▸ What the task asks:
With the pictures left out, print exactly the lines below that run from the one containing "Два рыбака на реке туманным утром" through the one containing "Using a fine".

▸ Records for the task:
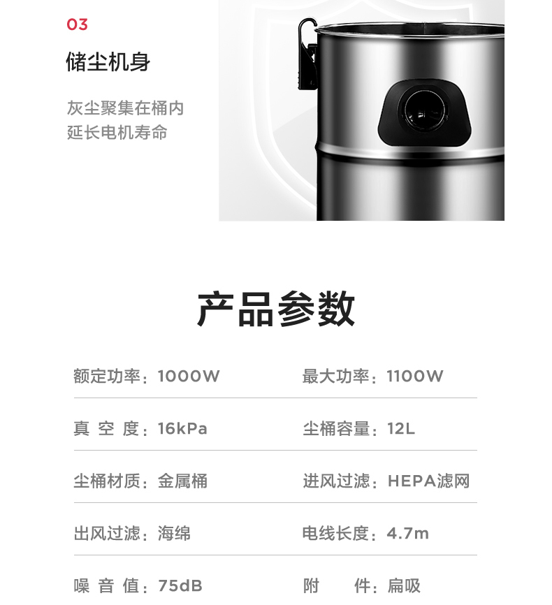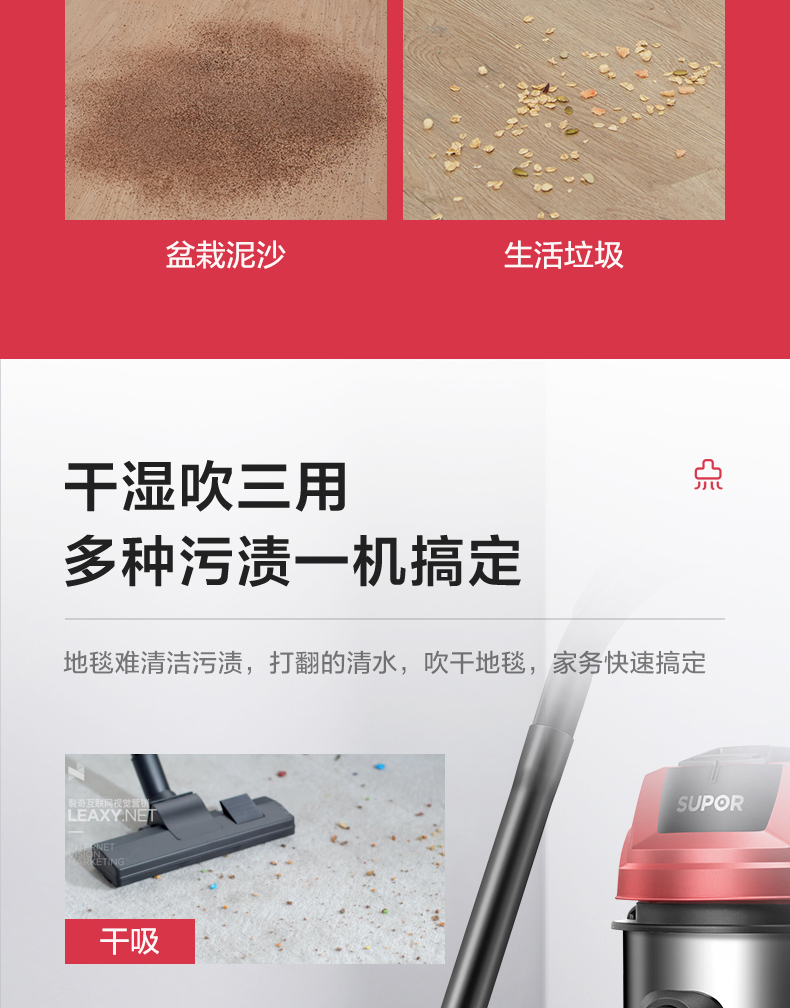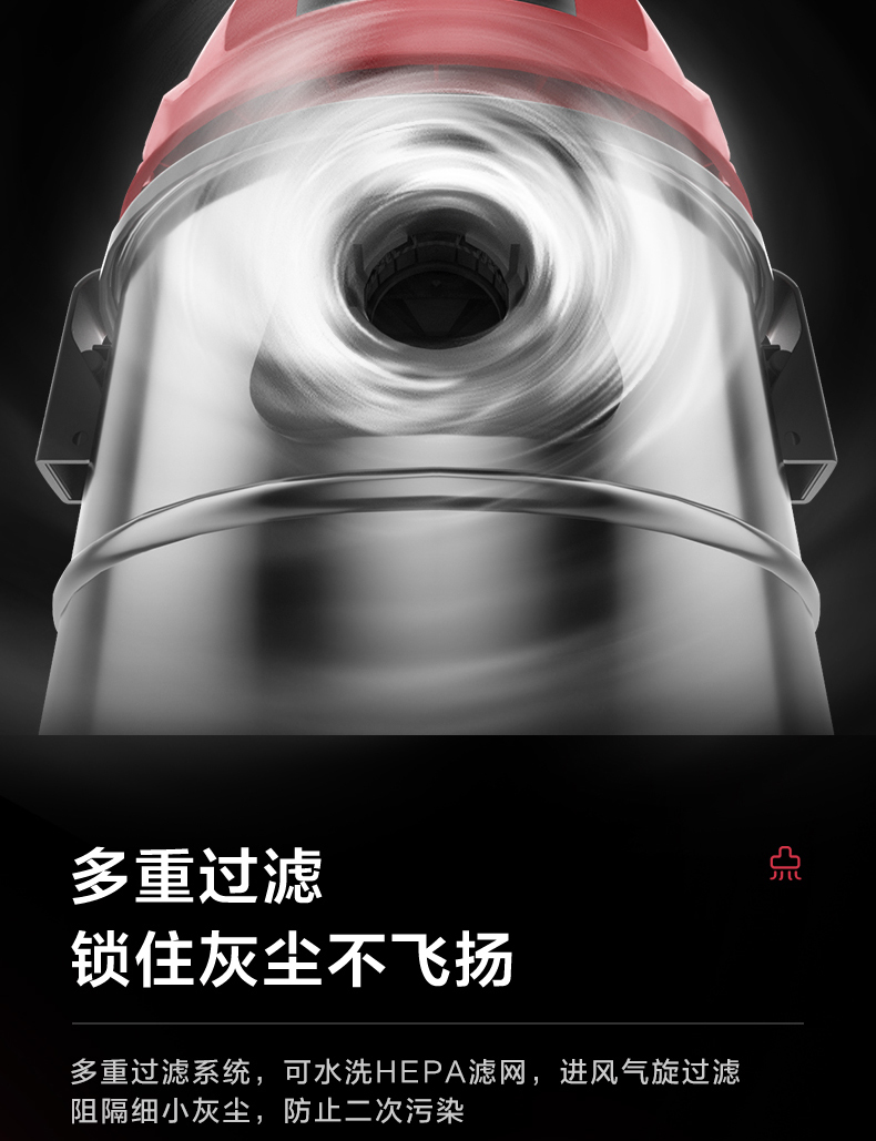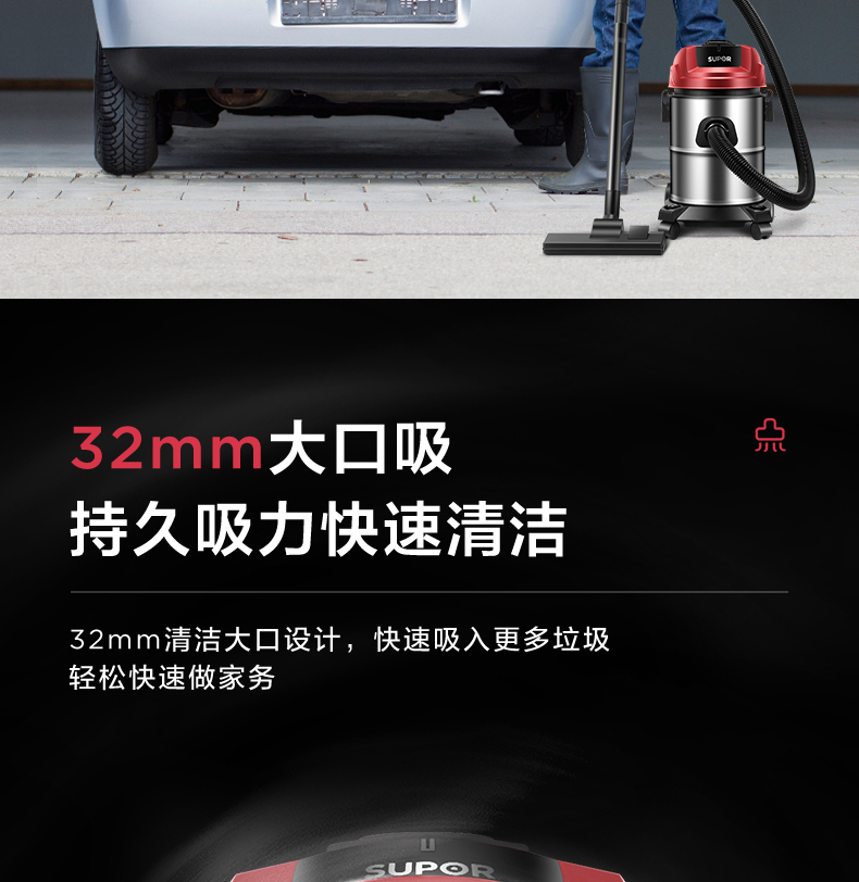苏泊尔 SUPOR桶式吸尘器 商用家用不锈钢大吸力吸尘器 VCT80P/台 银红色
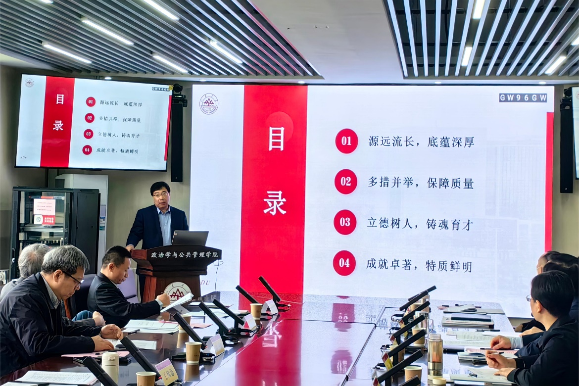刘昌明汇报了政治学一级学科学位授权点的建设情况,对政治学学科的历史概况、发展路径、人才培养和特色成就等进行了详细汇报,向专家组展示了8858cc永利政治学学科建设的优势与突出成果。
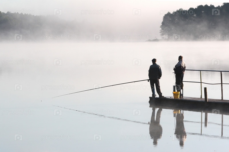 Два рыбака на реке туманным утром
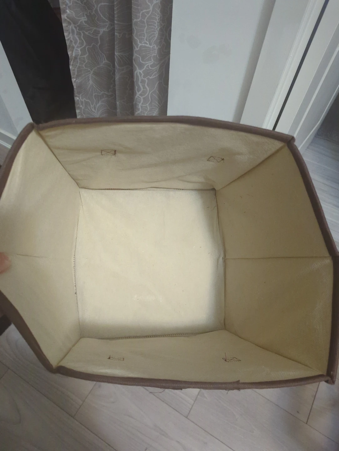 This is a collapsible storage bin, perfect for organizing your home. It's made of fabric with brown trim and features two side handles. When not in use, it folds flat for easy storage. Great for closets, shelves, or under the bed!
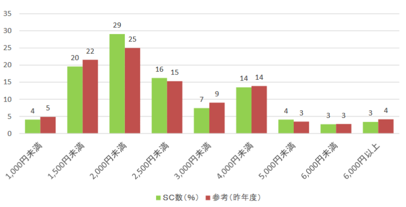 1日当たり平均売上高は昨年対比▲1.7%、1日当たり平均レジ客数は▲0.7%、1回当たり客単価は▲1.3%といずれも昨年を下回った。好調と回答したのは、全体の36%。これは昨年より7ポイントの低下となった。好調、不調の要因にアパレルが挙がっており、バーゲンセールの中心であるアパレルの売上げがSCの動向を分けた。
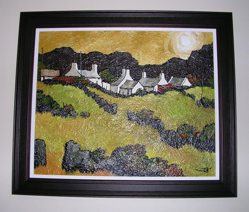 Mae’r fframio yn cael ei gyhyrchu yn ein gweithdu, hefo peiriannau modern, cyfoes. Yr harddwch o ddefnyddio ein gwasanaeth, yw bod pob ddarn o gelf yn cael ei deilwro yn unigol I siwtio y gwaith penodol. Y rhan hwyl a creadigol o’r broses fframio yw dewis y fframiau a’r mounts sy’n canmoli eich gwaith celf ac eich tast personol y gorau, felly os oes ganddo chi syniad pendant neu eisiau arbrofi hefo gwahanol arddulliau o fframiau.
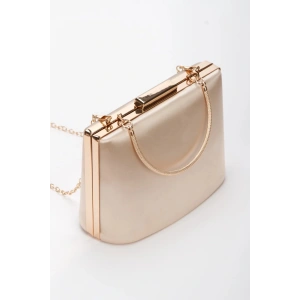 Kadın Altın Saten 7 cm İnce Topuklu Şık Damla Taşlarla Bezenmiş Rahat Stiletto ve Çanta Kombini
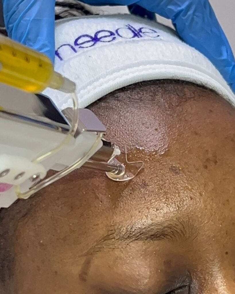 Using a fine needle or mesogun, tiny amounts of the cocktail are injected just below the skin’s surface in a grid-like pattern. The session takes 20–45 minutes. -
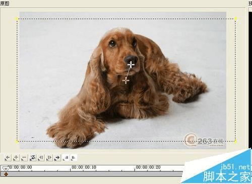 3、图片中狗鼻子附近有两个十字插,红的这个十字插对应着左下角起始位置,鼠标按住可以移动,方框也是可选的,可以变大变小,把它改成图二的样子,就成图片移动并变大,最后看着小狗的眼睛了。
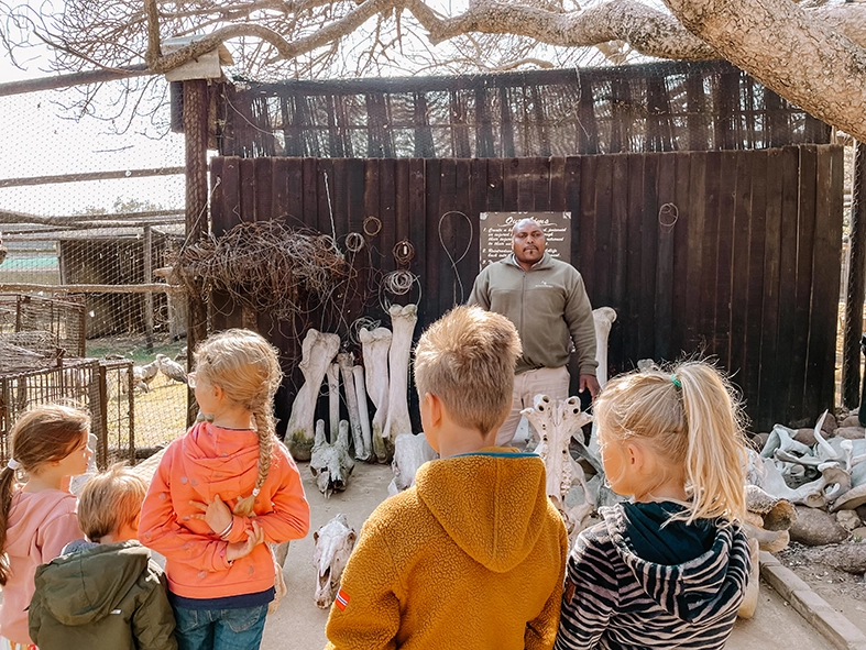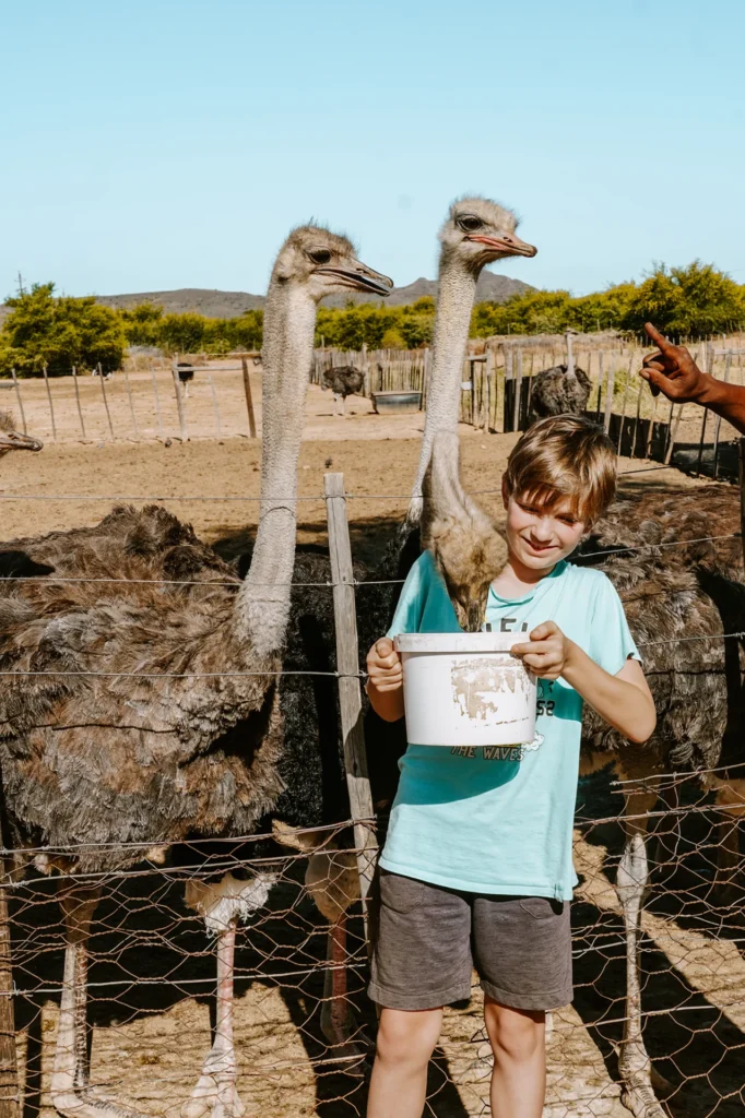 Als Oudtshoorn om één ding bekend staat dan zijn dat de struisvogelboerderijen die je hier overal vindt. En natuurlijk bezoeken ook wij er eentje. Bij struisvogelboerderij Highgate leren we hoe we mannetjes en vrouwtjes uit elkaar kunnen houden, dat struisvogeleieren zo sterk zijn dat zelfs een volwassenen er met gemak op kan staan zonder dat ze breken en mogen we, hét hoogtepunt van onze kinderen, de struisvogels voeren. Een heel leuk uitje als je in Zuid-Afrika bent met kinderen!
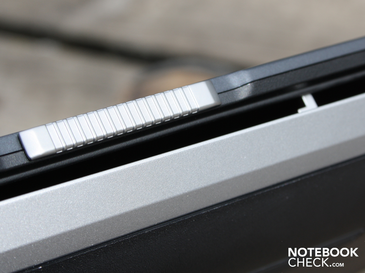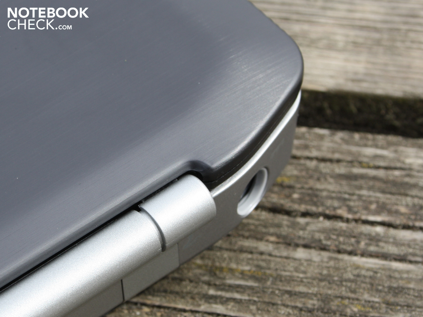 Die gewählten Materialien (Magnesium-Legierung, gebürstetes Aluminium) berühren sich kühl und sind kratzfest. Bei den Scharnieren setzt Dell auf Stahl, jedoch ist die silberne, sichtbare Leiste eine Abdeckung (nicht massiv). Die Gelenke sitzen fest an der Base Unit. Sie halten den Deckel straff und es kommt kaum zum Nachwippen. Auf Grund des hohen Gewichts der Base-Unit können wir das Display gerade so mit einer Hand nach oben ziehen. Der silberne Schieber gibt die Arretierung (zinklegiert) frei.
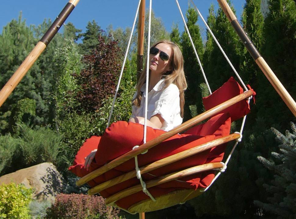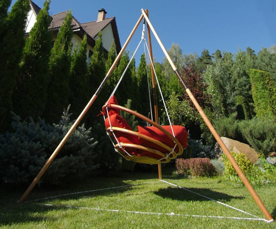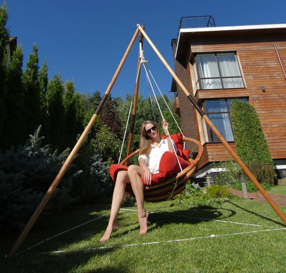 Оригинальная модель кресла качели с подушками МАЙЯ надежно крепится на изящную в виде пирамиды стойку деревянный каркас МАЙЯ. Она выдерживает значительный вес - до 150 кг.
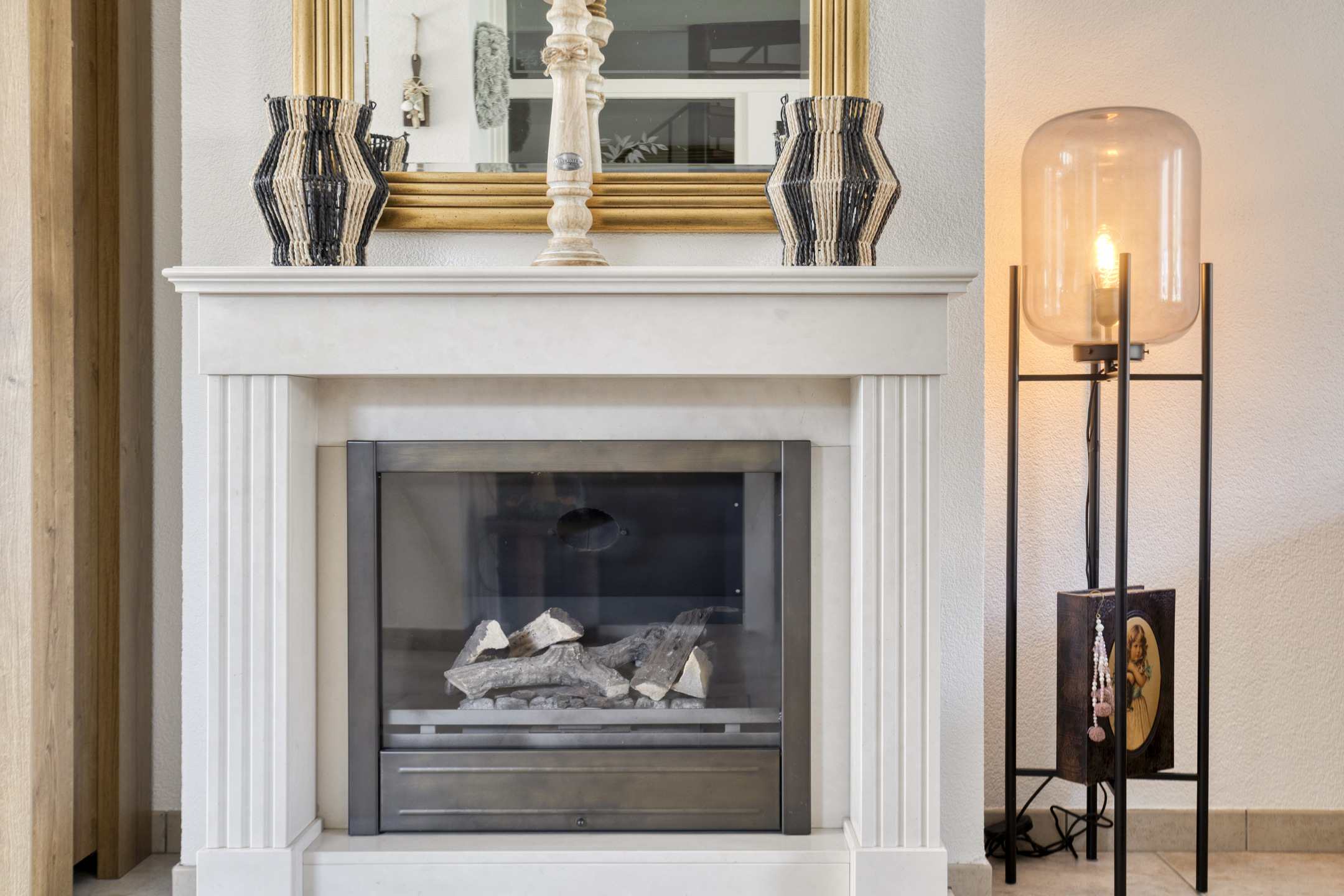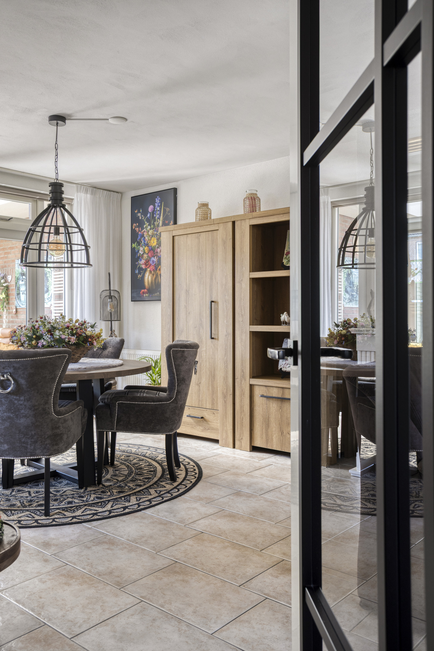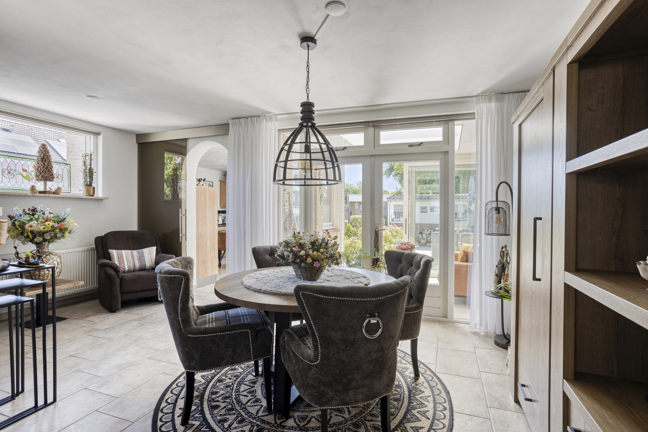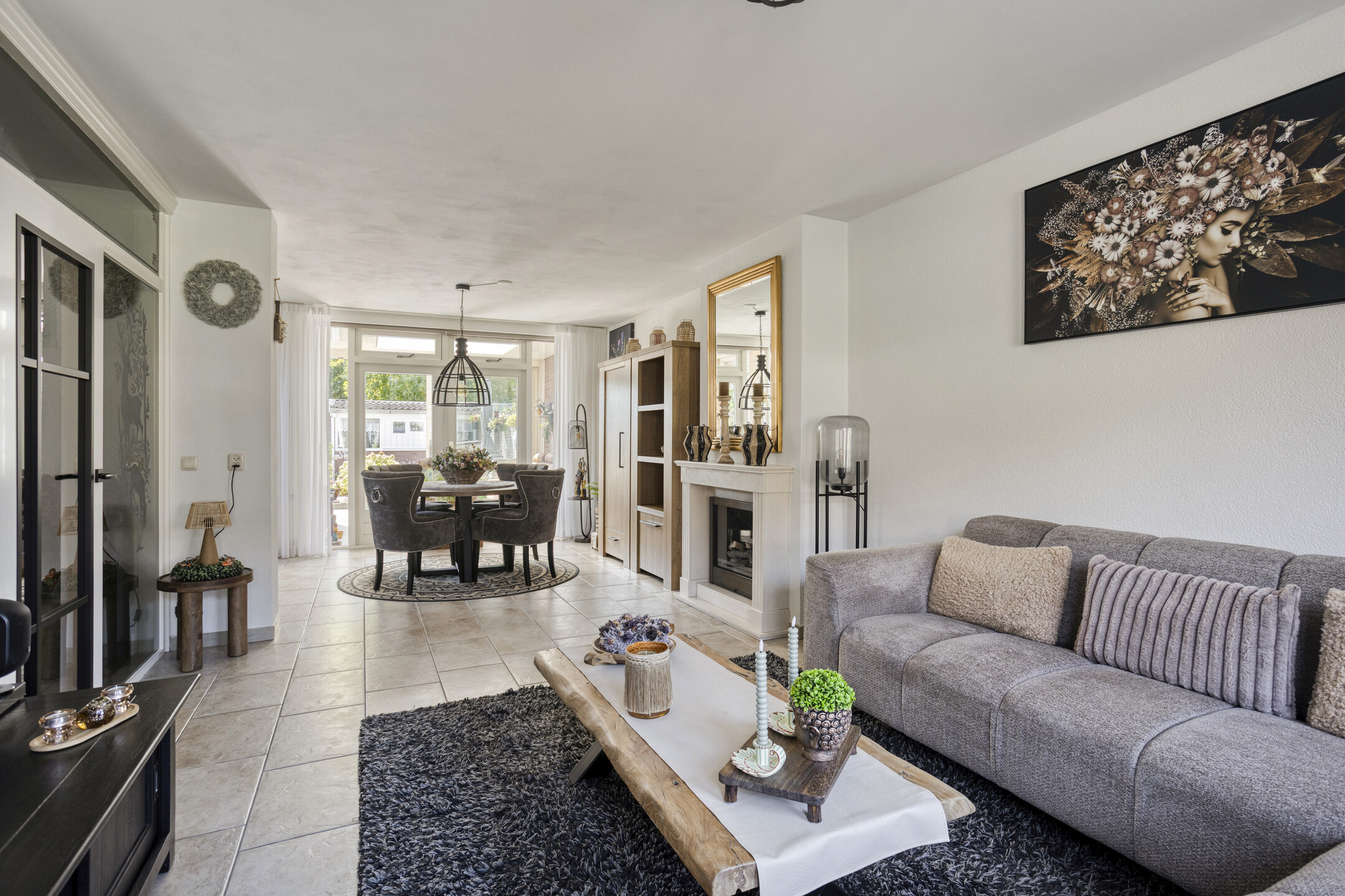 Ruime L-vormige woonkamer met veel lichtinval van verschillende kanten. Voorzien van tegelvloer, gashaard en openslaande deuren naar de serre. Via een schuifdeur is tevens de keuken bereikbaar.

▸ Finished task:
 Два рыбака на реке туманным утром
 This is a collapsible storage bin, perfect for organizing your home. It's made of fabric with brown trim and features two side handles. When not in use, it folds flat for easy storage. Great for closets, shelves, or under the bed!
 1日当たり平均売上高は昨年対比▲1.7%、1日当たり平均レジ客数は▲0.7%、1回当たり客単価は▲1.3%といずれも昨年を下回った。好調と回答したのは、全体の36%。これは昨年より7ポイントの低下となった。好調、不調の要因にアパレルが挙がっており、バーゲンセールの中心であるアパレルの売上げがSCの動向を分けた。
 Mae’r fframio yn cael ei gyhyrchu yn ein gweithdu, hefo peiriannau modern, cyfoes. Yr harddwch o ddefnyddio ein gwasanaeth, yw bod pob ddarn o gelf yn cael ei deilwro yn unigol I siwtio y gwaith penodol. Y rhan hwyl a creadigol o’r broses fframio yw dewis y fframiau a’r mounts sy’n canmoli eich gwaith celf ac eich tast personol y gorau, felly os oes ganddo chi syniad pendant neu eisiau arbrofi hefo gwahanol arddulliau o fframiau.
 Kadın Altın Saten 7 cm İnce Topuklu Şık Damla Taşlarla Bezenmiş Rahat Stiletto ve Çanta Kombini
 Using a fine needle or mesogun, tiny amounts of the cocktail are injected just below the skin’s surface in a grid-like pattern. The session takes 20–45 minutes. -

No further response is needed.